CYCLE
SEVEN
1. Power, or willpower, does not stand to glory as
evil to good but as virtue to good, since goodness is the glorious outcome of a
virtuous act, which is to say, the use of some particular form of willpower
directed towards a glorious end. Hence
power stands to glory as the virtuous precondition of an end whose essence is
good. At least this is true of willpower
with regard to sensibility, whether in terms of strength, truth, beauty, or
knowledge.
2. When we consider willpower with regard to
sensuality, however, the relationship between power and glory is reversed,
since willpower is then the vicious consequence of a precondition whose essence
or, rather, appearance is evil. Thus
instead of willpower preceding glory, as in sensibility, it is the negative
glory, or evil, of sensuality that precedes a willpower which is, of necessity,
vicious, and this whether in terms of weakness, illusion, ugliness, or
ignorance. For these vices are
respectively consequent upon the prior existence, in centrifugal vacuity, of
humiliation, woe, pain, and hatred, whose glory, being negative, can only be
evil.
3. Hence evil precedes vice in the sensual
contexts of negative glory, and vicious acts are less
evil than foolish on account of their association with sensuality.

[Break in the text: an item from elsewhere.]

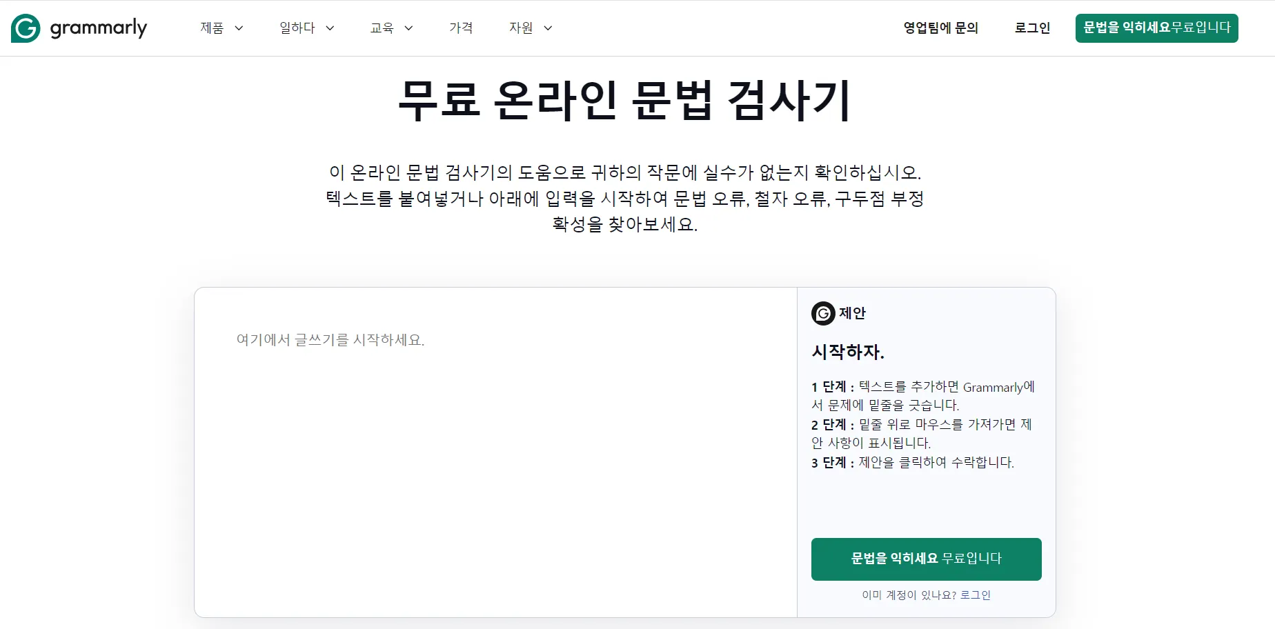 Grammarly는 영어 문법 교정기입니다. 실수하기 쉬운 관사의 사용이나 문장구조가 매끄럽고 맞는지 등을 교정해준답니다.
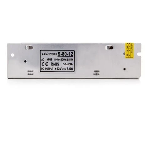 Cette source est régulée électroniquement en 12VDC, particulièrement recommandée pour l’utilisation de LED. Il garantit que la LED ne recevra pas de pics de tension et/ou de courant grâce aux composants avec lesquels elle est construite. La source possède son entrée traditionnelle 230V et une sortie 12VDC 6.5A.

Conversely, virtue precedes goodness in the
sensible contexts of positive willpower, and virtuous acts are less good than
wise on account of their association with sensibility.
4. The folly of vice
contrasts, on any plane, with the wisdom of virtue.
5. Thus we may contrast the folly of the Devil
of sensuality, or Anti-Devil, viciously diverging from the evil of the Hell of
sensuality, or Anti-Hell, with the wisdom of the Devil of sensibility, or
Pro-Devil, virtuously converging upon the good of the Hell of sensibility, or
Pro-Hell, as one would contrast the divergence of illusion from woe with the
convergence of strength upon pride, or the divergence of light from Space with
the convergence of soul upon Time.
6. Thus we may contrast the folly of the God of
sensuality, or Anti-God, viciously diverging from the evil of the Heaven of
sensuality, or Anti-Heaven, with the wisdom of the God of sensibility, or
Pro-God, virtuously converging upon the good of the Heaven of sensibility, or
Pro-Heaven, as one would contrast the divergence of weakness from humiliation
with the convergence of truth upon joy, or the divergence of sound from Time
with the convergence of spirit upon Space.
7. Thus we may contrast the folly of the Woman
of sensuality, or Anti-Mother, viciously diverging from the evil of the World
of sensuality, or Anti-World, with the wisdom of the Woman of sensibility, or
Pro-Mother, virtuously converging upon the good of the World of sensibility, or
Pro-World, as one would contrast the divergence of ignorance from hate with the
convergence of beauty upon pleasure, or the divergence of taste from Volume
with the convergence of the id (maternal instinct) upon Mass.
8. Thus we may contrast the folly of the Man of
sensuality, or Anti-Christ, viciously diverging from the evil of the Purgatory of
sensuality, or Anti-Purgatory, with the wisdom of the Man of sensibility, or
Pro-Christ, virtuously converging upon the good of the Purgatory of
sensibility, or Pro-Purgatory, as one would contrast the divergence of ugliness
from pain with the convergence of knowledge upon love, or the divergence of
lust from Mass with the convergence of mind upon Volume.
9. To diverge from spatial Space but to converge
upon spaced Space; to diverge from sequential Time but to converge upon
repetitive Time; to diverge from volumetric Volume but to converge upon
voluminous Volume; to diverge from massive Mass but to converge upon massed
Mass.
10. Diverging viciously, in folly, from the evils
of idealism, naturalism, materialism, and realism; converging virtuously, in
wisdom, upon the goods of transcendentalism, fundamentalism, nonconformism, and humanism.
11. Damned by and to sensuality, one can only be
saved to and by sensibility. Saved from
idealism to fundamentalism, diagonally falling from the eyes to the heart; saved
from naturalism to transcendentalism, diagonally rising from the ears to the
lungs; saved from materialism to humanism, diagonally falling from the tongue
to the womb; saved from realism to nonconformism,
diagonally rising from the phallus to the brain. Barbarism, culture,
civilization, and nature, germane to Hell, Heaven, the World, and Purgatory.